## INFORMATION
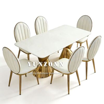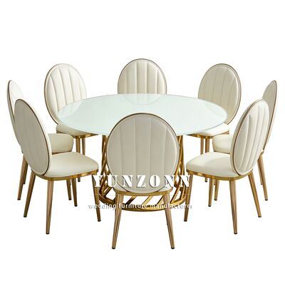 P3: ¿Cuál es el material de sus productos? A3: Marco de acero inoxidable para mesa y silla, vidrio templado en la mesa; mármol o madera. Los cojines de las sillas están hechos de esponjas de alta densidad y cuero o tela de alta calidad.
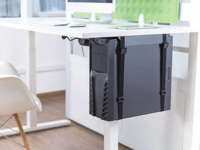 Free up valuable desk space and get a clutter-free workstation by moving your computer case out of the way! Attach it under your desk with the help of this low profile computer mount so you can keep your PC tower off your desk, and still off the floor where it could get dusty or be cumbersome to reach. This mount gives your computer case a home that is secure, out of the way, but still within easy reach. It works particularly well with sit-stand desks, allowing CPU enclosures to move with your height-adjustable workstation while keeping cables and connections attached and organized.
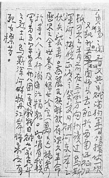 “我五军关师长书范于西南远征归抵刁翎,半月前拟在三家方向拟渡过乌斯浑河,拂晓正渡之际,受日贼河东岸之伏兵袭击。高丽民族解放有深久革命历史之金世峰及妇女冷云(郑XX)、杨秀珍等八人,悉行溺江捐躯……乌斯浑河畔牡丹江岸将来应有烈女标芳。”
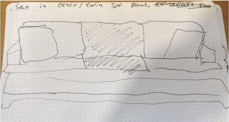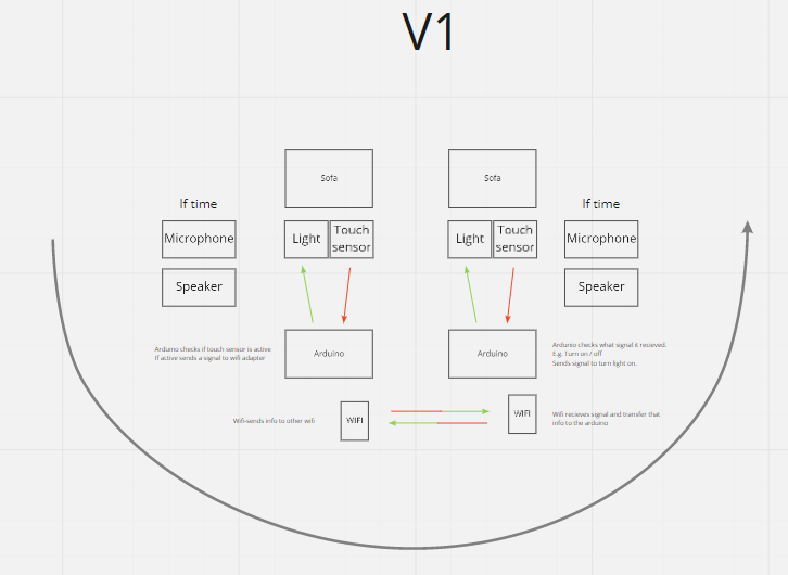 Pillow/Social Sofa that makes people feel less alone and more connected trough lights and sensors and communication with twin sofa/pillow. The users interact with the sketch/prototype/project by interacting with the pillow. this coud through eigther sitting on it laying on it or just holding or hugging it. Then the "Twin/other" pillow will light up/glow when somone is sitting in both sofas. Possible to communicate with person in other sofa through verbal communication.
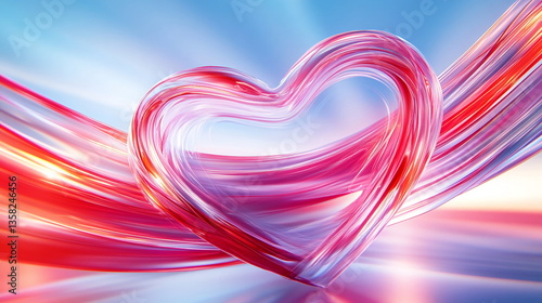 Vibrant Abstract Heart-Shaped Design with Intertwining Red and Pink Lines
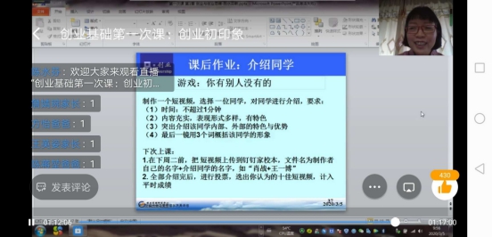 开设的核心课程,也是全校学生的必修课,本学期共有29个教学班,总计1280人选课,面对来势汹汹的新冠疫情,《创业基础》课程组多次组织线上备课会,为疫情之下的线上教学做好了周密安排,新学期第一天,《创业基础》课程任课老师们便“各施神通”,为屏幕前的莘莘学子带来了一堂生动有趣的网络直播课。网络直播课程的开展需要创新内容,也需做好教学反思,以下为大家分享的是吴诗启老师和陈水芬老师的在线教学经验与体会。
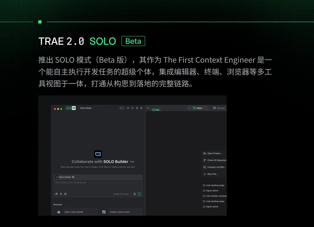 - 同时,无论是 IDE 还是 SOLO 模式,TRAE 都在为开发者提供更丰富的上下文和更具响应式的功能。
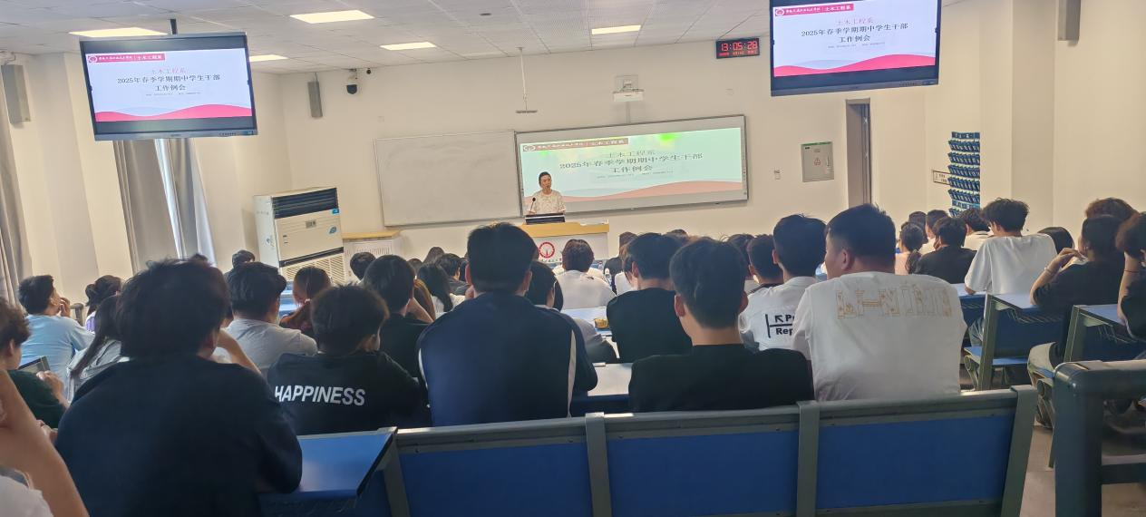 5月14日,土木系召開期中班干部工作例會,系黨總支副書記朱蓉,主任輔導員蔣鳳嬌、團總支負責人武慶媛、以及23級、24級各班班長、團支書參會。

## YOUR OBJECTIVE
From the first line to the last, repeat the records exactly and skip the pictures.

## WRITTEN SOLUTION
 P3: ¿Cuál es el material de sus productos? A3: Marco de acero inoxidable para mesa y silla, vidrio templado en la mesa; mármol o madera. Los cojines de las sillas están hechos de esponjas de alta densidad y cuero o tela de alta calidad.
 Free up valuable desk space and get a clutter-free workstation by moving your computer case out of the way! Attach it under your desk with the help of this low profile computer mount so you can keep your PC tower off your desk, and still off the floor where it could get dusty or be cumbersome to reach. This mount gives your computer case a home that is secure, out of the way, but still within easy reach. It works particularly well with sit-stand desks, allowing CPU enclosures to move with your height-adjustable workstation while keeping cables and connections attached and organized.
 “我五军关师长书范于西南远征归抵刁翎,半月前拟在三家方向拟渡过乌斯浑河,拂晓正渡之际,受日贼河东岸之伏兵袭击。高丽民族解放有深久革命历史之金世峰及妇女冷云(郑XX)、杨秀珍等八人,悉行溺江捐躯……乌斯浑河畔牡丹江岸将来应有烈女标芳。”
 Pillow/Social Sofa that makes people feel less alone and more connected trough lights and sensors and communication with twin sofa/pillow. The users interact with the sketch/prototype/project by interacting with the pillow. this coud through eigther sitting on it laying on it or just holding or hugging it. Then the "Twin/other" pillow will light up/glow when somone is sitting in both sofas. Possible to communicate with person in other sofa through verbal communication.
 Vibrant Abstract Heart-Shaped Design with Intertwining Red and Pink Lines
 开设的核心课程,也是全校学生的必修课,本学期共有29个教学班,总计1280人选课,面对来势汹汹的新冠疫情,《创业基础》课程组多次组织线上备课会,为疫情之下的线上教学做好了周密安排,新学期第一天,《创业基础》课程任课老师们便“各施神通”,为屏幕前的莘莘学子带来了一堂生动有趣的网络直播课。网络直播课程的开展需要创新内容,也需做好教学反思,以下为大家分享的是吴诗启老师和陈水芬老师的在线教学经验与体会。
 - 同时,无论是 IDE 还是 SOLO 模式,TRAE 都在为开发者提供更丰富的上下文和更具响应式的功能。
 5月14日,土木系召開期中班干部工作例會,系黨總支副書記朱蓉,主任輔導員蔣鳳嬌、團總支負責人武慶媛、以及23級、24級各班班長、團支書參會。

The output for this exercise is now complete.